Although production requests were fulfilled within two hours, it took developers a week to get the same service, which greatly slowed innovation. Working with IBM’s Cloud Infrastructure as a Service (IaaS) team, they determined they could dramatically reduce wait times by moving 3,000 dev/test servers to the cloud and giving developers self-service provisioning. Doing so would save an estimated $17 million, and could shorten innovation to a single week in some cases.

Understandably, the bank faced substantial security and regulatory compliance hurdles, and it took the organization six months to vet and review the cloud infrastructure before they could begin the server migration.

One of the keys to success in this ongoing project was having a key executive sponsor who understood how moving these servers to the cloud could reduce costs while greatly increasing innovation of new services by giving developers faster self-service provisioning options. The sponsor played a key role in fostering teamwork between the bank’s IT team, responsible for providing services and charging business units for delivering those services, and the external IBM team.

Cloud-Native Apps Speed Services

A large healthcare organization also re-evaluated its IT ecosystem after deciding it needed more consistency. It’s now in the process of moving many of its on-premises applications to the cloud.

Because it faces some regulatory constraints, the organization is keeping some workloads on-premises in a private cloud, and others are being lifted and shifted to public IaaS so a cloud provider can manage those environments. The healthcare organization has also decided new workloads will be cloud native utilizing IBM Bluemix*.

Currently, the organization has disjointed silos of on-premises and cloud workloads and applications built organically over 30 years that aren’t integrated end-to-end. The monolithic infrastructure suffered from security gaps, and it took a long time to make changes to products or services.

Executives understand that a nine- to 12-month cycle to release new applications is unacceptable and the existing IT infrastructure can’t support its business in today’s competitive environment. Additionally, the organization lacked the cloud skills needed to re-architect applications and workloads.
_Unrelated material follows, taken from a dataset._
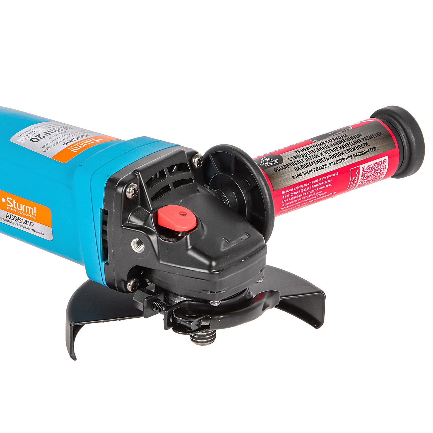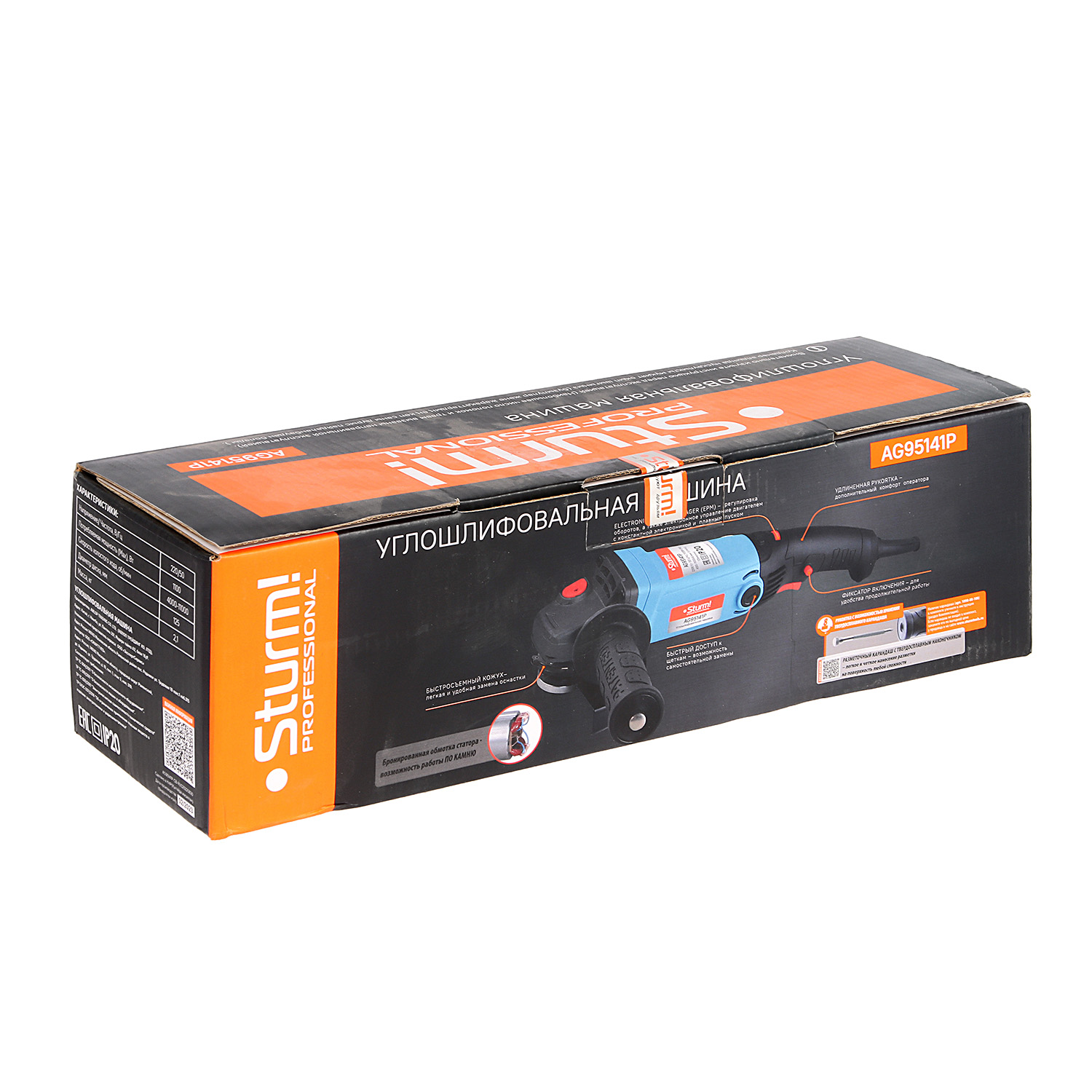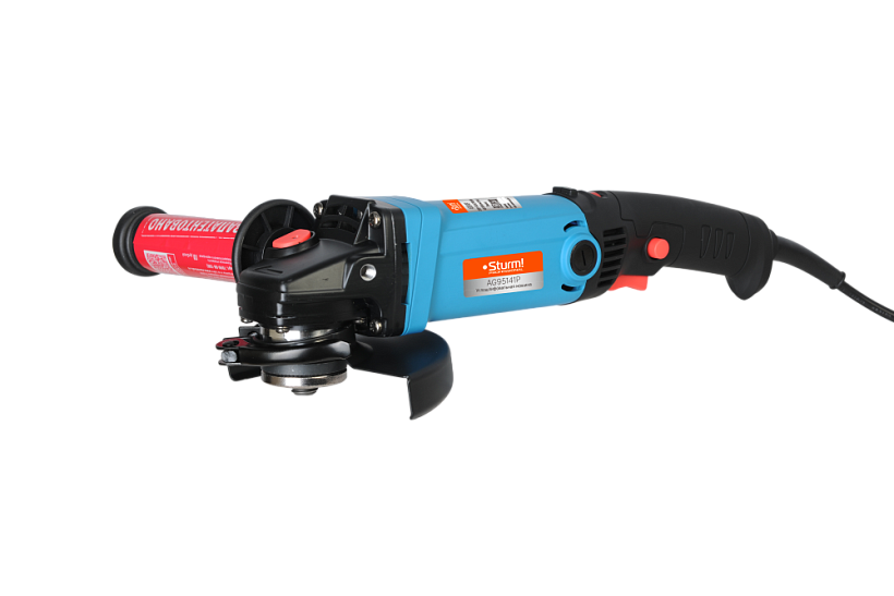Sturm AG95141P – мощная универсальная болгарка (УШМ) профессиональной серии инструмента Sturm под рабочий диаметр диска 125 мм. Имеет компоновку с длинной рукоятью, за счет чего максимально удобна при зачистных и шлифовочных операциях. Выверенные массово-габаритные показатели, а также нейтральный центр тяжести обеспечивают лучший контроль инструмента, а клиновидный корпус редуктора позволяет работать даже в условиях с трудным доступом. Главная особенность модели, выделяющая ее среди аналогов – наличие блока константной электроники который гарантирует поддержание стабильной частоты вращения на валу шпинделя, препятствуя падению оборотов под нагрузкой. Кроме того, Sturm AG95141P оснащена системой плавного пуска, снижающей величину пускового тока и исключающей стартовый рывок, а также электронной регулировкой оборотов (4000 – 10000 об / мин), благодаря которой достигается оптимальный подбор частоты вращения в зависимости от типа используемой оснастки и обрабатываемого материала. Модель имеет повышенные надежность и ресурс, как за счет применения качественных комплектующих ( японские фирменные подшипники NSK), так и благодаря продуманной, с запасом по прочности, конструкции : электромотор покрыт несколькими изоляционными слоями термостойкого лака и имеет дополнительную защиту от пыли и абразивных частиц, благодаря закалке, повышенной износостойкостью обладают шестерни редуктора, в качестве опор вала шпинделя установлены шарикоподшипники, корпус инструмента изготовлен с использованием нейлона, что способствует его долговечности. Модель проста в эксплуатации и обслуживании. Снабжена быстросъемным защитным кожухом, надежно фиксирующимся при помощи специального зажимного рычага, а также удобной обрезиненной патентованной рукоятью с твердосплавным разметочным карандашом внутри. Предусмотрена возможность быстрого доступа к щеткам, упрощающая процесс их замены, так как исключает демонтаж элементов корпуса.

As part of the IT transformation, executives also want to instill a culture of grassroots innovation and more rapidly bring new value and services to its constituents, which include physicians, staff, patients and their communities. Because IT isn’t the organization’s core competency, it’s working to offload that overhead to IBM.
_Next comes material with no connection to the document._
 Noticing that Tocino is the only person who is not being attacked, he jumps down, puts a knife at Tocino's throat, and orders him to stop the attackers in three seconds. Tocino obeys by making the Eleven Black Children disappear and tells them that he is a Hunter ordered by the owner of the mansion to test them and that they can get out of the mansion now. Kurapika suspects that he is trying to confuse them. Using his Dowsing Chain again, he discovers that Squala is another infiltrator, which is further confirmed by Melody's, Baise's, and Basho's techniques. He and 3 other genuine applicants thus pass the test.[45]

The healthcare organization needed more than just a public cloud provider; it needed a much broader spectrum of capabilities and support, not just platform as a service with Bluemix, but also the fully managed capabilities of the IBM Global Technology Services, local migration capabilities, and help transforming legacy applications into cloud microservices architecture.

Working with IBM, the organization is implementing a soft launch pilot with a first production workload that some 6 million patients will eventually use. In just 12 weeks, they overhauled the application’s architecture into microservices in a Garage-thinking, agile approach that complied with HIPAA and other regulations.
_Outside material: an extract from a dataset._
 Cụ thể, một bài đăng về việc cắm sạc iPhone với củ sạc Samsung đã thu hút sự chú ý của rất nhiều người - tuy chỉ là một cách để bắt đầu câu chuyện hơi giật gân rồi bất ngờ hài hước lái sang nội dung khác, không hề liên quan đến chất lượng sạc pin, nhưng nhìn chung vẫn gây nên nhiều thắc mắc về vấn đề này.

With one cloud native re-architecture under their belts, the team now plans to tackle three other applications. Seeing they can be much more innovative, the healthcare executives are considering Internet of Things (IoT) applications, blockchain innovations and implementing other cutting edge technologies that are being sponsored by the CTO.

Easing the Transition

As these enterprises learned, moving to the cloud wasn’t easy. But success and business innovation can occur when a clearly identified stakeholder works with a trusted partner to create and execute a company-wide strategy.

“I tell clients there’s no magic wand and pixy dust,” Schuneman says. “Just because the cloud sounds cool, doesn’t mean it’s easier. In many ways, it’s harder. A lot of hard work goes into making it work and being successful.”